IXOS plans to wait and see how the HDMI cable is going to come in before it produces one. The company reports that Pioneer will have a DVD player by the end of the year that will retail for $299 and have an HDMI output. However, IXOS is skeptical because it said it has not seen a DVD player at that price point with an HDMI output. This leads IXOS to believe that maybe HDMI will become more mainstream than DVI.
FireWire, said IXOS, has the same problem as DVI and HDMI: length. But, generally, long distances aren't necessary for video. The issue to an audiophile, however, is the quality of sound, and FireWire provides a night and day difference vs. analog cables when used on identical systems, said the company. FireWire offers the "depth and stage presence," and analog doesn't.
IXOS offers FireWire cables of 4 pin to 4 pin, 6 pin to 6 pin and 6 pin to 4 pin, in lengths of about 3 ft. and 10 ft. at $39.99 and $49.99, respectively. The company has seen a small rise in demand for these cables, but nothing dramatic.
For high-definition all-digital video to look its best, data must be transferred from the DVI HDTV tuner or DVI-equipped DVD player to the display in pure digital form, according to Monster Cable, which is offering its DVI400 cable to do the job. Monster DVI400 all-digital video interface cable has the bandwidth to deliver uncompressed video signals from any digital set-top box or DVI-equipped DVD player to a HDTV display, said the company. DVI400 has a suggested retail of $79.95 for cable a bit longer than 3 feet.
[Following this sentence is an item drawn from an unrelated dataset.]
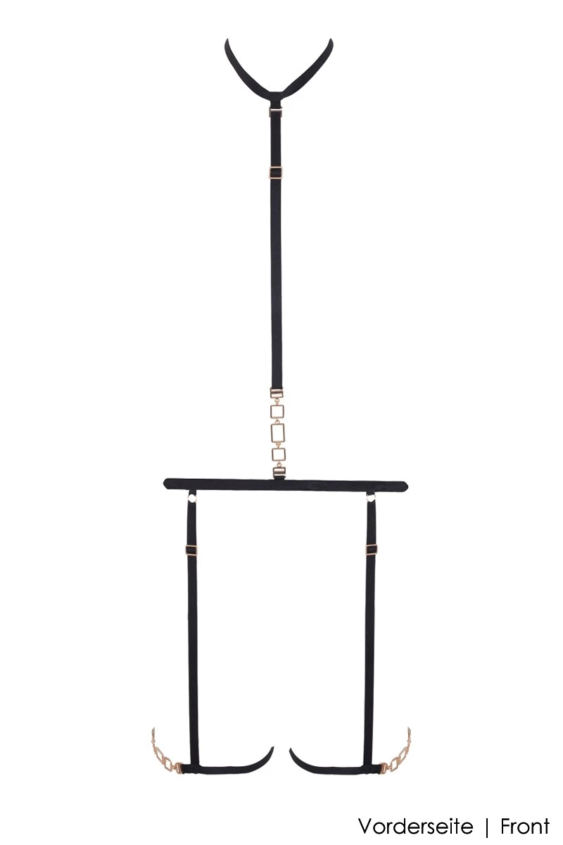 Das Calypso Thigh Body Harness mit goldenen Schmuckelementen krönt den passenden BH und String derselben Serie. Gönne Dir dieses glamouröse Reizwäsche Highlight und kreiere einen einzigartigen Boudoir Look der Dich und Deine/n Partner/in immer wieder aufs neue verzaubern wird. Die vielseitig einstellbaren Bänder des Harness sind elastisch und sitzen optimal am Körper. Am Hals, Deiner Taille und den Schenkeln rahmt es Deine weiblichen Reize und steht für ein modernes Reizwäsche Design welches mit aber auch ohne Strapsstrümpfe getragen werden kann.

For ultra-high resolution HDTV pictures, Monster has introduced its M500DVI high bandwidth, low-loss DVI interface cable. The cable features more shielding than any other DVI interface available for maximum rejection of RFI and EMI. It has more than twice the bandwidth required for a 1,920 by 1,080i HDTV signal, making it ideally suited to preserve pristine, high-resolution all-digital HDTV signals. Suggested retail is $99.95 for just over 3 feet of length.
Belkin, which currently sells a broad array of products to attach to HDTV and digital set-top boxes — IEEE 1394b, DVI and component video cables — continues to develop cabling for tomorrow. The company claims experience with Ethernet networking, KVM, USB, peripheral sharing devices and cables has enabled it to create hardware to manage, store and distribute A/V content in ways not currently available.
Belkin said it has learned certain lessons, such as when printer interfaces moved from parallel to USB, that are directly applicable to today's A/V space. While component video represents the best in class connectivity, cost concerns and the popularity of video components, shipping with only composite or S-video connectors, mandate a reverse plan-o-gram at retail, said the company.
Plan-o-grams should evolve at a pace commensurate with technology adoption curves and platform penetration, Belkin said. Thus, the company is working with channel partners to ensure their plan-o-grams represent optimal mix for revenue and profitability.